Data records
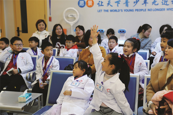 “看绿色的东西对眼睛其实起不到什么保护作用,真正对眼睛有好处的做法是眺望远方。所以我们平时写作业写得久了,也可以眺望远处几分钟,缓解眼睛疲劳。”“高度近视可能会导致视网膜脱落、青光眼、黄斑病变等,严重的甚至可能导致失明……”经过上一个环节的认真倾听,学生们回答起这些问题简直再轻松不过,这些爱眼护眼的小知识已经深深铭刻在他们心里。
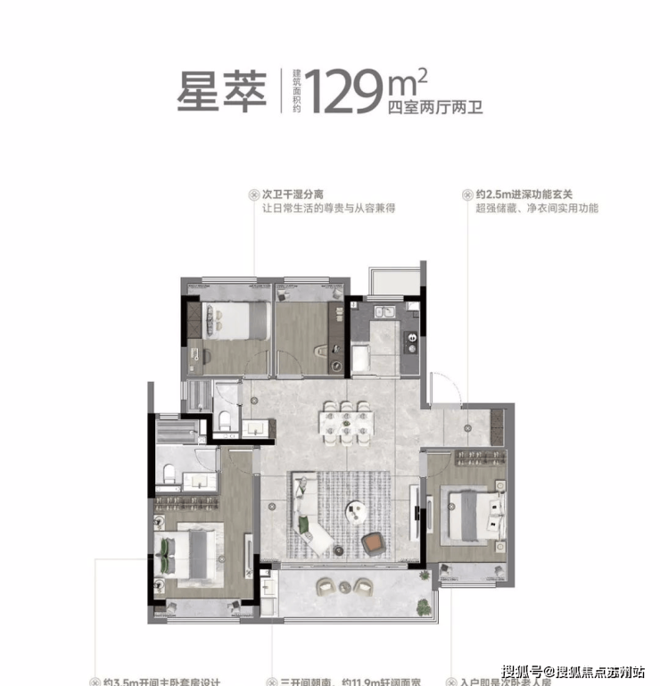交付标准:精装修交付(含地暖,中央空调,新风系统三大件)
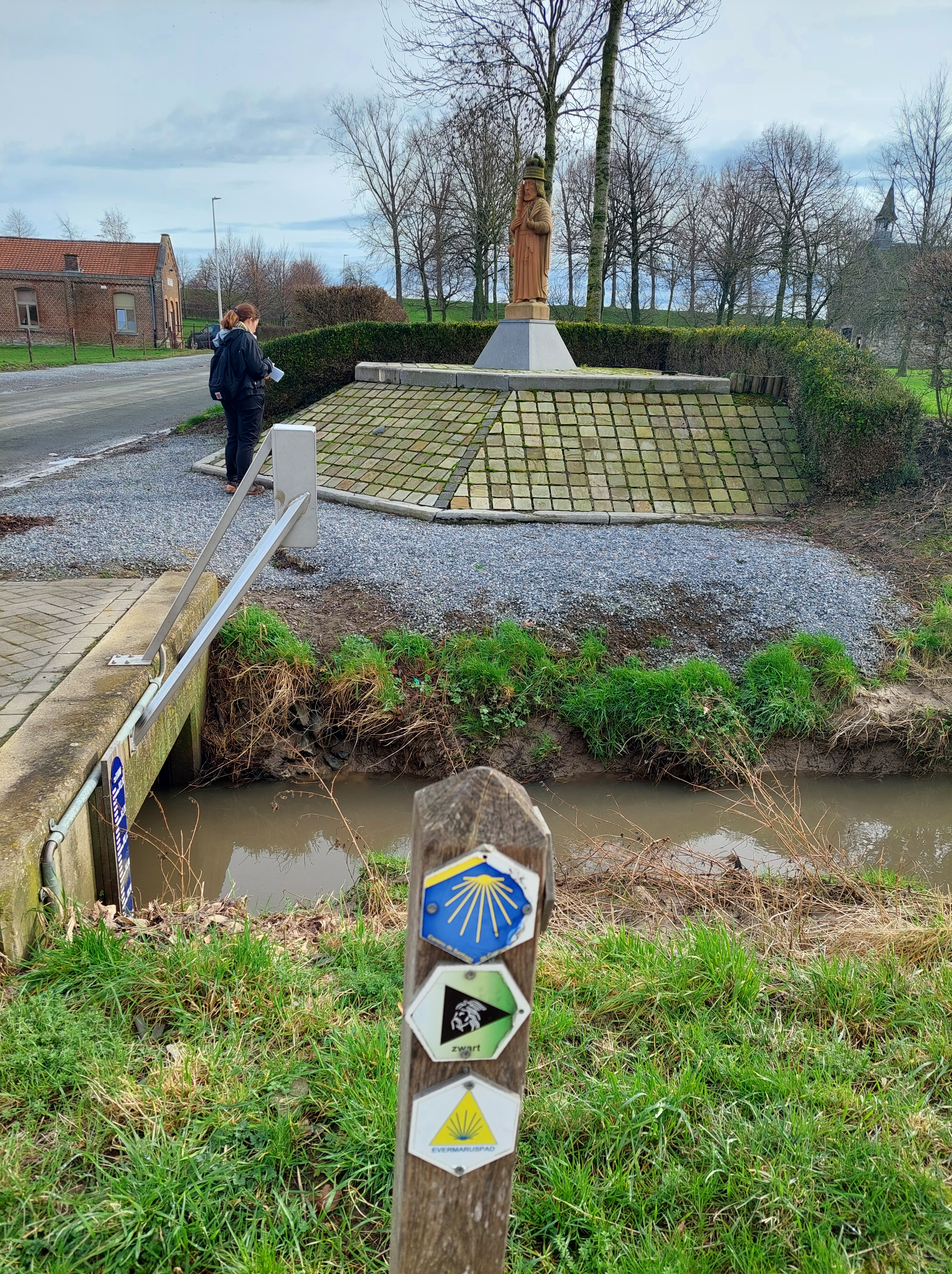Zoals zo vaak bij dit soort opdrachten, verkende ik eerst de route en maakte onderweg notities en foto’s. Zo leer ik het terrein goed kennen, kan ik mooie stopplekjes uitkiezen en doe ik ontdekkingen die ik in de teksten en opdrachten kan integreren. Deze route is zo’n 14 km lang, dus dat was heel wat verkenningsplezier! De modder langs de Jeker en op de onverharde paden tussen de meest vruchtbare akkers van Vlaanderen, nam ik er zonder al te veel morren bij.
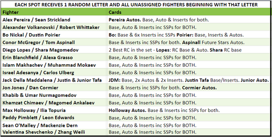 Break 3259 - 2021 UFC Immaculate Hobby - Random Fighter Combo & Letter!
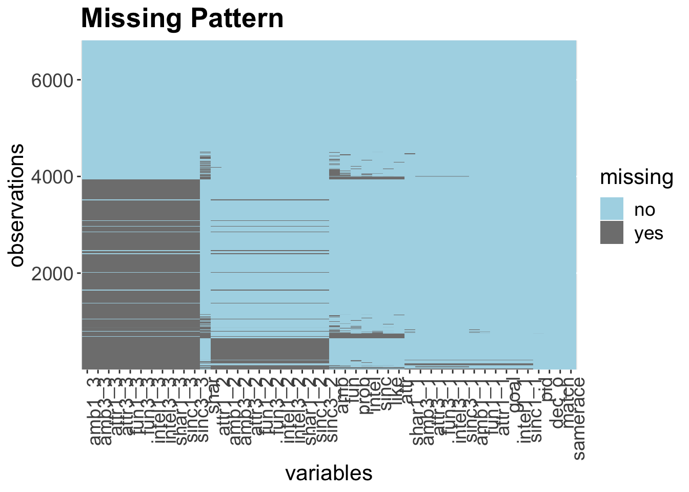 The columns with the most missing data is the questions about the six attributes in expectation (attr:shar) and five attributes in self-evaluation (attr:sinc) answered two weeks after the dating, and they have the same missing patterns because they were asked at the same time. Due to the large number of missings in these columns, we drop questions asked two weeks after the datings in most of our analysis (only include them once to see the change over time). There are 13 more missing patterns in rows, each of which missed only a small part of data, when analyzing these varibles, we would simply filter out the missing data.
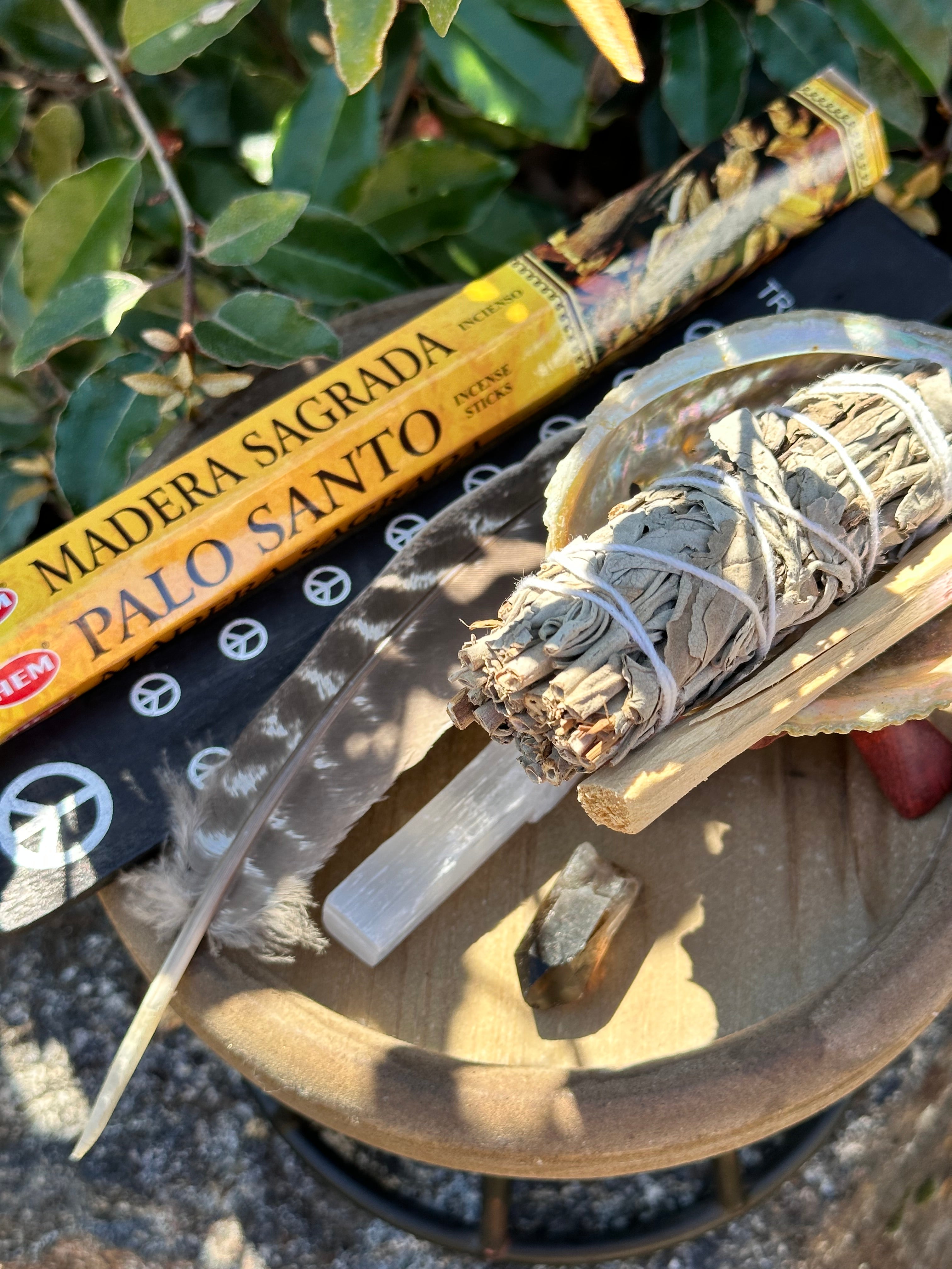 This kit is a must-have for everyone's home. When you're feeling the low vibes creeping in pull out the emergency kit aka the HarleyRae cleansing kit! After an argument and/or negative talk/thinking it is always ideal to Sage it out. After a full house cleaning, top the cleaning off with a good smudging, affirming only good vibrations and blessings.

▶ [WHAT THE TASK REQUIRES]: Copy each line above exactly, with no images.

▶ [EXERCISE RESPONSE]:
 “看绿色的东西对眼睛其实起不到什么保护作用,真正对眼睛有好处的做法是眺望远方。所以我们平时写作业写得久了,也可以眺望远处几分钟,缓解眼睛疲劳。”“高度近视可能会导致视网膜脱落、青光眼、黄斑病变等,严重的甚至可能导致失明……”经过上一个环节的认真倾听,学生们回答起这些问题简直再轻松不过,这些爱眼护眼的小知识已经深深铭刻在他们心里。
交付标准:精装修交付(含地暖,中央空调,新风系统三大件)
Zoals zo vaak bij dit soort opdrachten, verkende ik eerst de route en maakte onderweg notities en foto’s. Zo leer ik het terrein goed kennen, kan ik mooie stopplekjes uitkiezen en doe ik ontdekkingen die ik in de teksten en opdrachten kan integreren. Deze route is zo’n 14 km lang, dus dat was heel wat verkenningsplezier! De modder langs de Jeker en op de onverharde paden tussen de meest vruchtbare akkers van Vlaanderen, nam ik er zonder al te veel morren bij.
 Break 3259 - 2021 UFC Immaculate Hobby - Random Fighter Combo & Letter!
 The columns with the most missing data is the questions about the six attributes in expectation (attr:shar) and five attributes in self-evaluation (attr:sinc) answered two weeks after the dating, and they have the same missing patterns because they were asked at the same time. Due to the large number of missings in these columns, we drop questions asked two weeks after the datings in most of our analysis (only include them once to see the change over time). There are 13 more missing patterns in rows, each of which missed only a small part of data, when analyzing these varibles, we would simply filter out the missing data.
 This kit is a must-have for everyone's home. When you're feeling the low vibes creeping in pull out the emergency kit aka the HarleyRae cleansing kit! After an argument and/or negative talk/thinking it is always ideal to Sage it out. After a full house cleaning, top the cleaning off with a good smudging, affirming only good vibrations and blessings.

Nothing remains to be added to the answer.